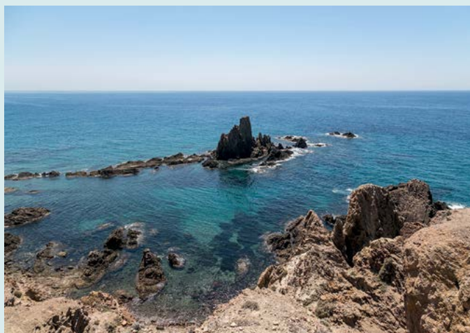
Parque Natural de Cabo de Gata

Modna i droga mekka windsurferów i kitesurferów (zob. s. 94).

○ ○ ○ ○ ○

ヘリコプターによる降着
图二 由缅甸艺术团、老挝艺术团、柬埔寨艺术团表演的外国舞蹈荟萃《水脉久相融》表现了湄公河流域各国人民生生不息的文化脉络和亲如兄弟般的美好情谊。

○ ○ ○ ○ ○

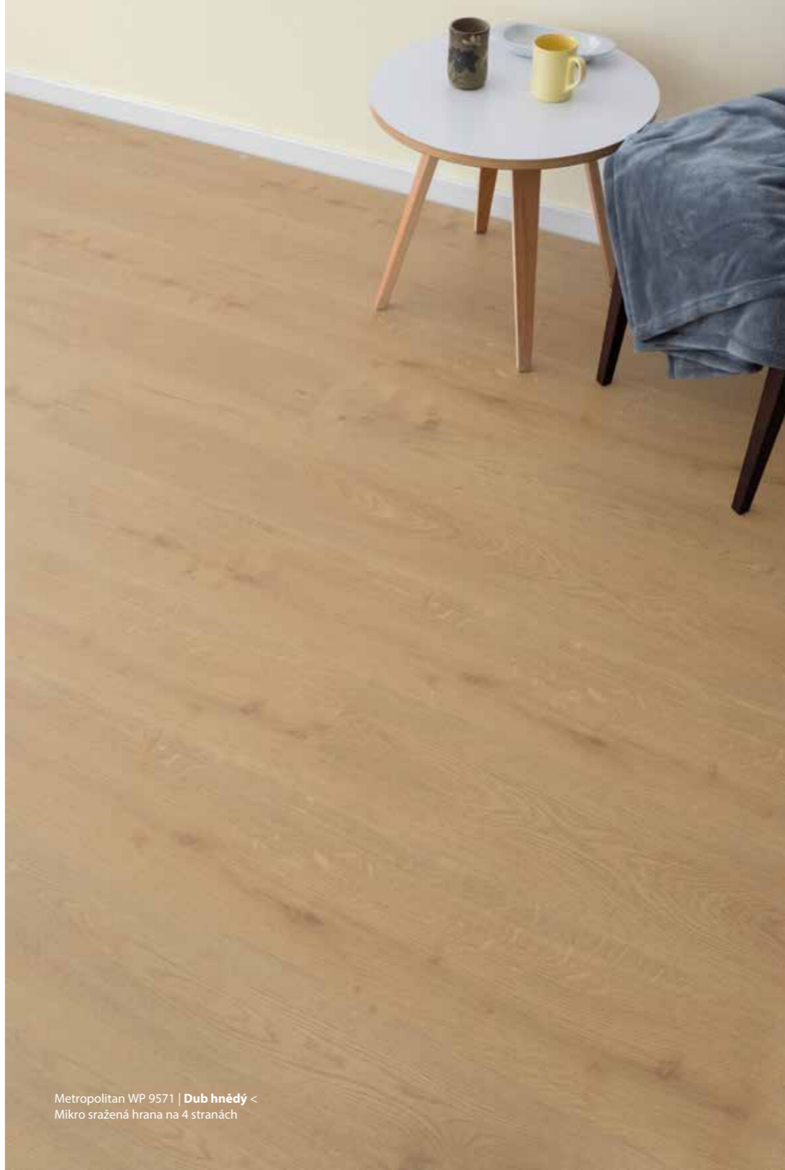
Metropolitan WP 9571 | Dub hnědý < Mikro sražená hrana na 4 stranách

○ ○ ○ ○ ○

TO DO:
Your answer should consist of the lines from the line with "Parque Natural de Cabo de Gata" to the line with "Modna i droga" above, repeated exactly, both ends included.

REPLY TO THE EXERCISE:
Parque Natural de Cabo de Gata

Modna i droga mekka windsurferów i kitesurferów (zob. s. 94).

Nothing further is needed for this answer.